Directions: Among the entries below, only the lines from the one with "它不只是用来解答疑问的工具,更能成为AI" through the one with "(グリーン) | Cherry Blossoms" are wanted, reproduced exactly. Pictures are not wanted.

Given entries:
Start of Block
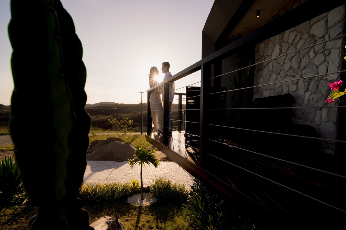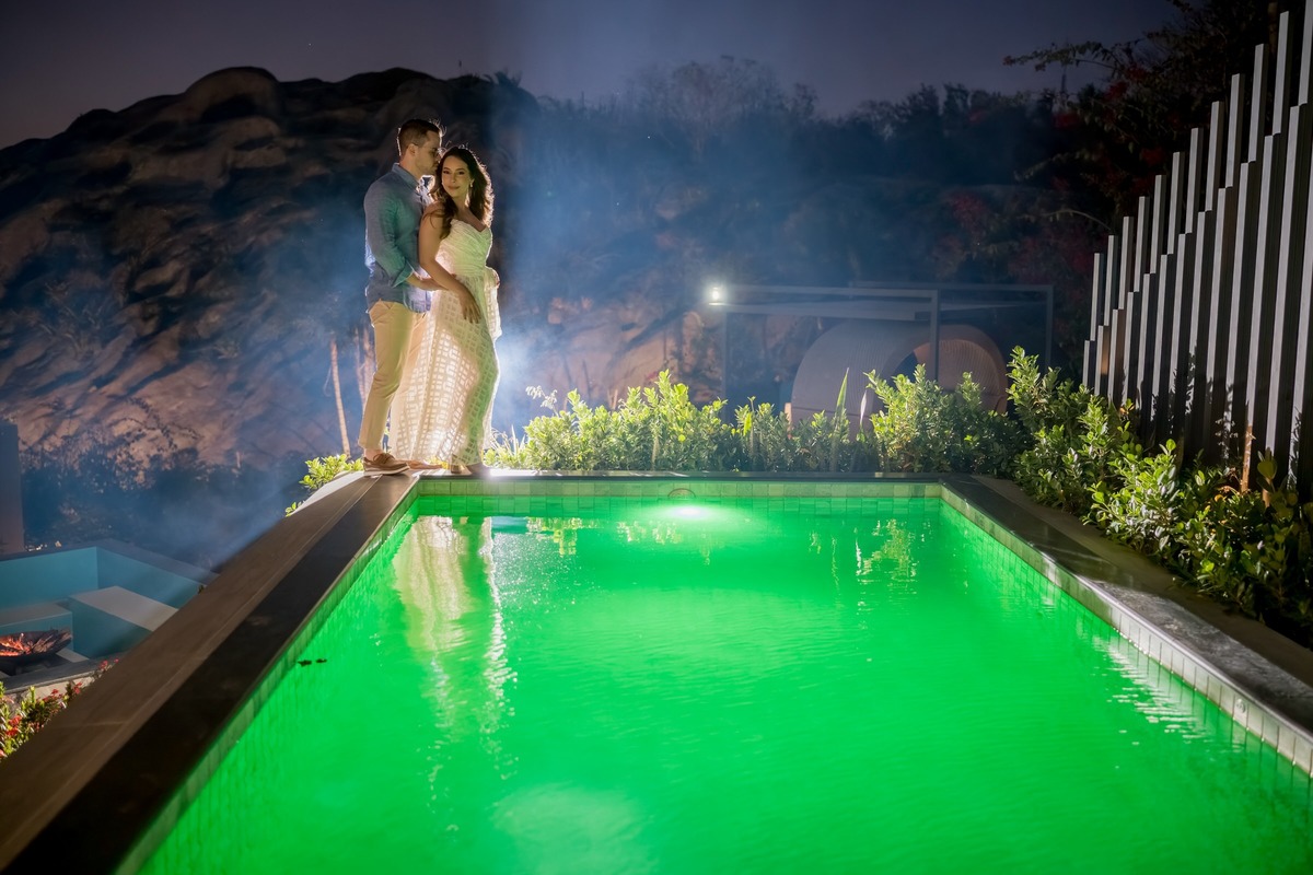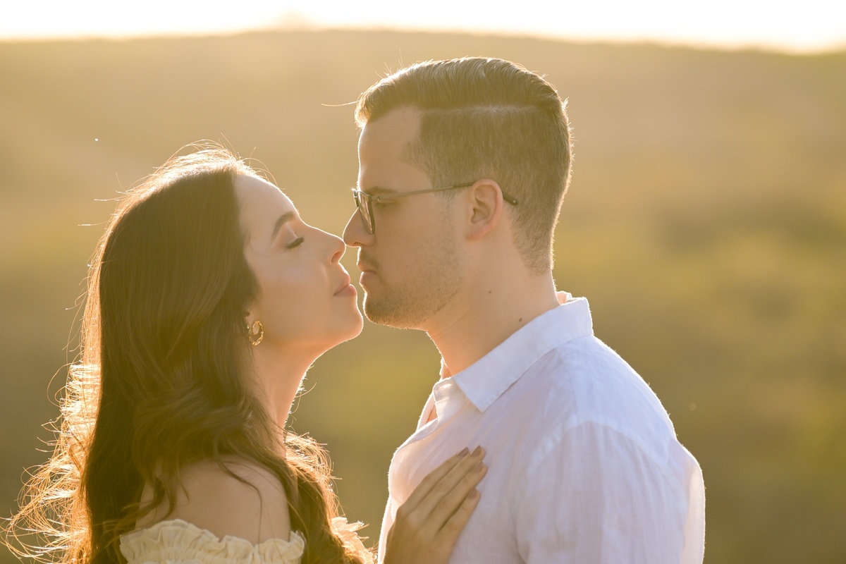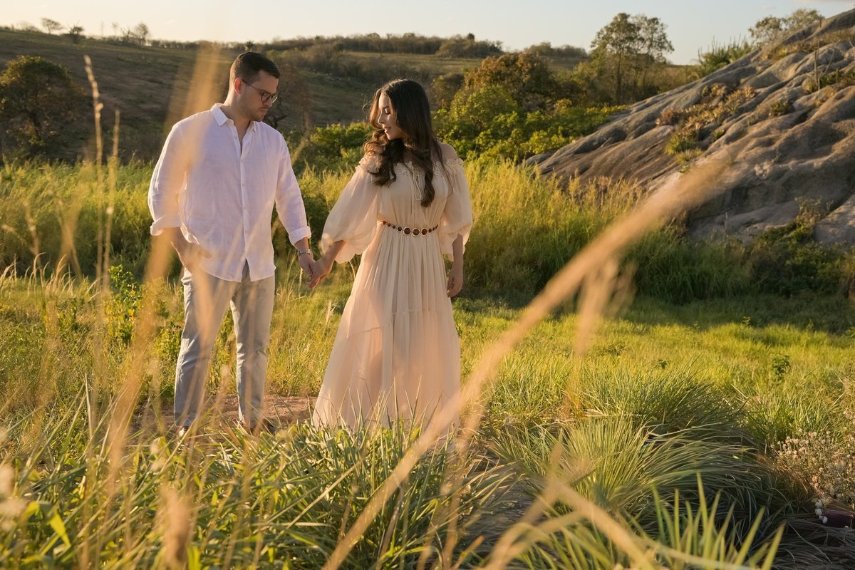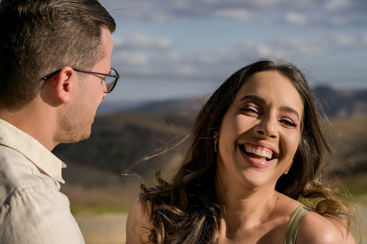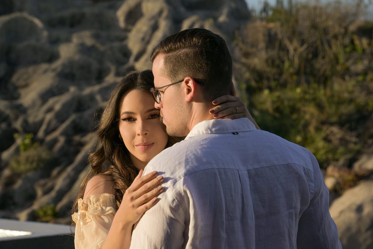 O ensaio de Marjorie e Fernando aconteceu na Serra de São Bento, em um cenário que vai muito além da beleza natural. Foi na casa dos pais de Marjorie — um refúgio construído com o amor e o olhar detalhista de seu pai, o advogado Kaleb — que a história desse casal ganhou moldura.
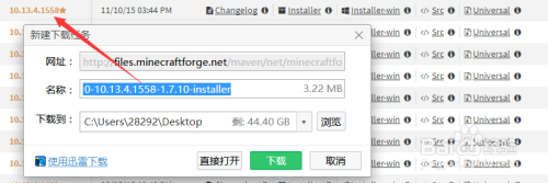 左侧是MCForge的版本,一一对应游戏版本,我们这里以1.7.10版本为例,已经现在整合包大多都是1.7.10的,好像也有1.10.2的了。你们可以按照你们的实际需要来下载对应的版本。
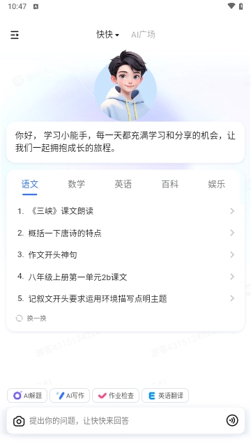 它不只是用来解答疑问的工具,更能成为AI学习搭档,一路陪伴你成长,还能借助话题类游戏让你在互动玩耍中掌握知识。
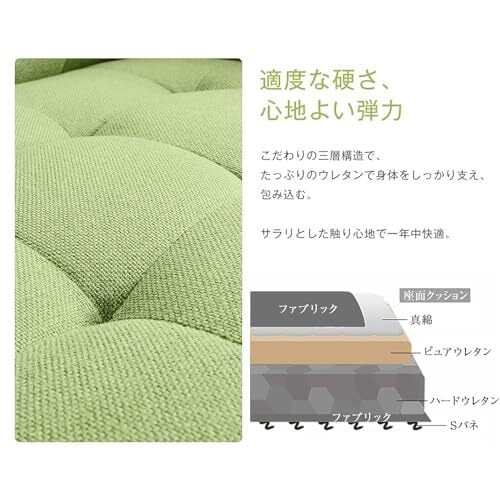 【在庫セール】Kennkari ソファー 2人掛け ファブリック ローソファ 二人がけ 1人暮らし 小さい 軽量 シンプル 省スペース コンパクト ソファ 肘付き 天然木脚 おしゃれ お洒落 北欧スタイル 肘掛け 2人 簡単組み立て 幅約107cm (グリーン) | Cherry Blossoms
End of Block
Start of Block
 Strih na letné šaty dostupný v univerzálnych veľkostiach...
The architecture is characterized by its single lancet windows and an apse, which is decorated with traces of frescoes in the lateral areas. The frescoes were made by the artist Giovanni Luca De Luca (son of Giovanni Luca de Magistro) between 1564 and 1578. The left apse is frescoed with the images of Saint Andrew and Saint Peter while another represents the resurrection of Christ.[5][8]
End of Block
Start of Block
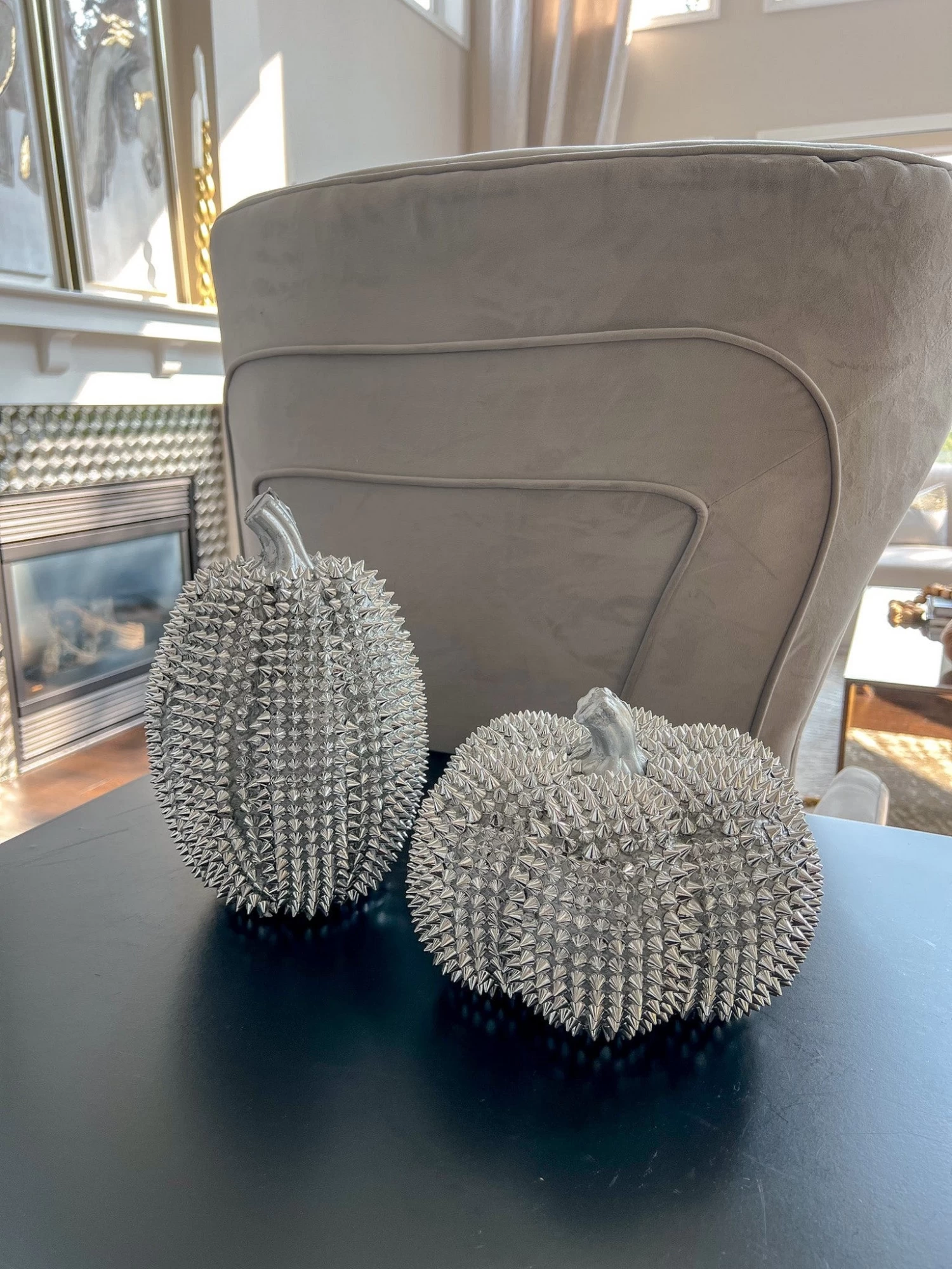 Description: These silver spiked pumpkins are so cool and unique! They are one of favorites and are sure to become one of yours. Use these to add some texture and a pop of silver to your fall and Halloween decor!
End of Block
Output below:
 它不只是用来解答疑问的工具,更能成为AI学习搭档,一路陪伴你成长,还能借助话题类游戏让你在互动玩耍中掌握知识。
 【在庫セール】Kennkari ソファー 2人掛け ファブリック ローソファ 二人がけ 1人暮らし 小さい 軽量 シンプル 省スペース コンパクト ソファ 肘付き 天然木脚 おしゃれ お洒落 北欧スタイル 肘掛け 2人 簡単組み立て 幅約107cm (グリーン) | Cherry Blossoms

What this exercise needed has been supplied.